Infections of surgical wounds remain one of the most common adverse events in hospitalized patients in the 21st century, only behind adverse drug reactions.1 Surgical site infections (SSI) alone cost the US healthcare system $10 billion annually2 with over 300% increases in cost per patient compared to those without SSI.3,4 Costs stem not only from repeat surgical procedures, increased hospital stays, and poor patient outcomes but also from the cost of long-term antibiotics and the side effects from these medications.3

SSI after spine surgery is particularly challenging, leading to devastating complications and worse outcomes in patients.3,5,6 The incidence of SSI after spine procedures range from 2.9% to 15%.3,7,8 This number is higher if only instrumented surgeries are considered. The majority of the evidence on infection surrounding implants comes from arthroplasty literature;9–13 however, the principles remain applicable. The major surgical decision in periprosthetic joint infections relies on the timing of infection: if presenting acutely, then the implants may be debrided and retained. However, a delayed presentation warrants a staged removal of the implants, as the bacteria have transitioned from their planktonic state to a biofilm, preventing debridement from completely eradicating the infection.10

However, SSI with instrumentation presents a unique problem to the spine surgeon.14⇓⇓⇓–18 A staged removal of implants is often not possible, as the stability of the spine must be maintained with instrumentation until fusion.17 Even once fusion is achieved, there is evidence demonstrating worsening of deformity after the removal of instrumentation.15 Thus, the treatment options are limited to removing the instrumentation after fusion, reinstrumenting the spine, or retaining the instrumentation with antibiotic suppression. There is no published algorithm or consensus statement in spine literature that dictates the surgical decision making for infected spinal instrumentation.
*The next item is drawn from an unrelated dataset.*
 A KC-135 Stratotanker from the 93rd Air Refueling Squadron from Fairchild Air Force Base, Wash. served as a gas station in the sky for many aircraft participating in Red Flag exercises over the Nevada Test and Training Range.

The optimal antibiotic regimen for patients who are retaining their spinal instrumentation despite SSI is not well understood and is often left to infectious disease (ID) consultants to determine. Recommendations from ID consultants at our institution often consist of a course of long-term IV antibiotics followed by lifelong oral suppression. The basis for this regimen comes from the idea that the implants are seeded and will continue to be a source of infection for the duration they are left in. However, the decision of the duration of IV antibiotics and subsequent oral antibiotics is not one to take lightly and without input from the surgeon. Often, the surgeon is the one who has the closest follow-up with the patient and also witnesses the side effects from these nonbenign medications. Although there are studies examining the treatments for spinal implant infections,19–24 the literature does not answer whether lifelong antibiotics are necessary for retained spinal instrumentation after SSI.
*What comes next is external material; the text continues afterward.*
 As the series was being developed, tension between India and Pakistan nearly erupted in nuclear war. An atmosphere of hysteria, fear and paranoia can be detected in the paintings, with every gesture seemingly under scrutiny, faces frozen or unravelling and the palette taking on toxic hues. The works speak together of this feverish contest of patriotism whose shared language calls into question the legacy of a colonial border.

This study aims to retrospectively analyze the perioperative course and antibiotic regimen of patients who suffered an SSI after spinal instrumentation. This preliminary data shed light on whether lifelong antibiotics are necessary for suppression after infection of an instrumented spine. It also aims to present trends in this retrospective analysis of these infections that may aid in developing a future algorithm of when to remove, exchange, or retain infected spinal instrumentation.

## MATERIALS AND METHODS

An institutional review board for this retrospective analysis was obtained (University of California, San Francisco, Institutional Review Board 15-16807). Consecutive adult patients with SSI after spine surgery at a single institution from 2007 to 2013 were retrospectively analyzed. Inclusion criteria included adult patients over the age of 18 with spine instrumentation who suffered an SSI requiring surgical irrigation and debridement. An SSI was defined as a revision spine surgery for SSI with culture positive drainage or tissue samples.
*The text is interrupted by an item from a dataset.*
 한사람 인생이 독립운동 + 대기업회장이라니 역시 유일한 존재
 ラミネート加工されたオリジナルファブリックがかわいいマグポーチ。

The patients were grouped into four cohorts based on their clinical intervention: removal of instrumentation, reinstrumentation, retention of instrumentation with continued antibiotic suppression, and retention of instrumentation with no antibiotic suppression. The surgical decision making was based purely on the surgeon's preference, with no particular algorithmic approach, as there is none defined in the literature. Some guiding principles included the index revision performed on patients with wound findings consistent with underlying infection. The decision to retain or remove instrumentation was based largely on the severity of the infection at initial debridement, the response to the prior surgical debridement, and the probability of the stability of the spine at the time of debridement. The response to the prior surgical debridement was defined both by the superficial appearance of the wound after the most recent surgery and by the trend in inflammatory markers. Being off of antibiotic suppression was defined as not being on any antibiotic therapy at the time of the most recent surgical follow-up. Follow-up times were defined as the time between the day of surgery and the most recent follow-up date.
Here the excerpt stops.